(Dataset items)
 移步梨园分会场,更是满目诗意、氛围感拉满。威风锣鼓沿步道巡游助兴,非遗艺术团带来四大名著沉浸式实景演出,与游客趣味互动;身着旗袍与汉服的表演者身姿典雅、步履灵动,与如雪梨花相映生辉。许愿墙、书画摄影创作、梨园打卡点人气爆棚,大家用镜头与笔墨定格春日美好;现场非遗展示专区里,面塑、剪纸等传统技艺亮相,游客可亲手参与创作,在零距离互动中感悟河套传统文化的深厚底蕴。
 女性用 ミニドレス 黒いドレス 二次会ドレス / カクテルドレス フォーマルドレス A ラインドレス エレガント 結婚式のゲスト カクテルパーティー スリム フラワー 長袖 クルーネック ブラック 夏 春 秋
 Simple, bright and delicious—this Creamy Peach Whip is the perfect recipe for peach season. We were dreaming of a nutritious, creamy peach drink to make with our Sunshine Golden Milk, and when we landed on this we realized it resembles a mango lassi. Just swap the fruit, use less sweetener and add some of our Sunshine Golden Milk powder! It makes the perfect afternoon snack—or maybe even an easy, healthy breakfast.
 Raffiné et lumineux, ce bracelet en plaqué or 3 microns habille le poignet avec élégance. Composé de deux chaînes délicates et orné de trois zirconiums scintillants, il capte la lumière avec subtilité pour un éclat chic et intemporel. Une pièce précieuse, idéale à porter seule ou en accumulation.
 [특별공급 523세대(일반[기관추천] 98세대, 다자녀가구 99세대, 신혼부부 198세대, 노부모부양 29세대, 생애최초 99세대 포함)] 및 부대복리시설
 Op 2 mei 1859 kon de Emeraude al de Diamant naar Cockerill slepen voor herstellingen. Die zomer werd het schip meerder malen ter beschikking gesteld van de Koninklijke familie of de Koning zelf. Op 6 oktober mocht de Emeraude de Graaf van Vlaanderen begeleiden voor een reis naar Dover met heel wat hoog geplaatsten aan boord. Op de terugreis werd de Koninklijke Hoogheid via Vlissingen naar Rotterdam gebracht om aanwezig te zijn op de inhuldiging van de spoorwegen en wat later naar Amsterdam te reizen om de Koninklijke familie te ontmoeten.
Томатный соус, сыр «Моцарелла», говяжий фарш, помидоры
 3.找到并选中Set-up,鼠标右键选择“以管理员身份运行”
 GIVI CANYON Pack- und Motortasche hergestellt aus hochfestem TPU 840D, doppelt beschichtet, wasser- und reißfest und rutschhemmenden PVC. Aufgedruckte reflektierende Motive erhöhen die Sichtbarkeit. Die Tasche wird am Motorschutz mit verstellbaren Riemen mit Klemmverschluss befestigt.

What you should do. Every record listed above needs to be written out again exactly.

Final answer.
 移步梨园分会场,更是满目诗意、氛围感拉满。威风锣鼓沿步道巡游助兴,非遗艺术团带来四大名著沉浸式实景演出,与游客趣味互动;身着旗袍与汉服的表演者身姿典雅、步履灵动,与如雪梨花相映生辉。许愿墙、书画摄影创作、梨园打卡点人气爆棚,大家用镜头与笔墨定格春日美好;现场非遗展示专区里,面塑、剪纸等传统技艺亮相,游客可亲手参与创作,在零距离互动中感悟河套传统文化的深厚底蕴。
 女性用 ミニドレス 黒いドレス 二次会ドレス / カクテルドレス フォーマルドレス A ラインドレス エレガント 結婚式のゲスト カクテルパーティー スリム フラワー 長袖 クルーネック ブラック 夏 春 秋
 Simple, bright and delicious—this Creamy Peach Whip is the perfect recipe for peach season. We were dreaming of a nutritious, creamy peach drink to make with our Sunshine Golden Milk, and when we landed on this we realized it resembles a mango lassi. Just swap the fruit, use less sweetener and add some of our Sunshine Golden Milk powder! It makes the perfect afternoon snack—or maybe even an easy, healthy breakfast.
 Raffiné et lumineux, ce bracelet en plaqué or 3 microns habille le poignet avec élégance. Composé de deux chaînes délicates et orné de trois zirconiums scintillants, il capte la lumière avec subtilité pour un éclat chic et intemporel. Une pièce précieuse, idéale à porter seule ou en accumulation.
 [특별공급 523세대(일반[기관추천] 98세대, 다자녀가구 99세대, 신혼부부 198세대, 노부모부양 29세대, 생애최초 99세대 포함)] 및 부대복리시설
 Op 2 mei 1859 kon de Emeraude al de Diamant naar Cockerill slepen voor herstellingen. Die zomer werd het schip meerder malen ter beschikking gesteld van de Koninklijke familie of de Koning zelf. Op 6 oktober mocht de Emeraude de Graaf van Vlaanderen begeleiden voor een reis naar Dover met heel wat hoog geplaatsten aan boord. Op de terugreis werd de Koninklijke Hoogheid via Vlissingen naar Rotterdam gebracht om aanwezig te zijn op de inhuldiging van de spoorwegen en wat later naar Amsterdam te reizen om de Koninklijke familie te ontmoeten.
Томатный соус, сыр «Моцарелла», говяжий фарш, помидоры
 3.找到并选中Set-up,鼠标右键选择“以管理员身份运行”
 GIVI CANYON Pack- und Motortasche hergestellt aus hochfestem TPU 840D, doppelt beschichtet, wasser- und reißfest und rutschhemmenden PVC. Aufgedruckte reflektierende Motive erhöhen die Sichtbarkeit. Die Tasche wird am Motorschutz mit verstellbaren Riemen mit Klemmverschluss befestigt.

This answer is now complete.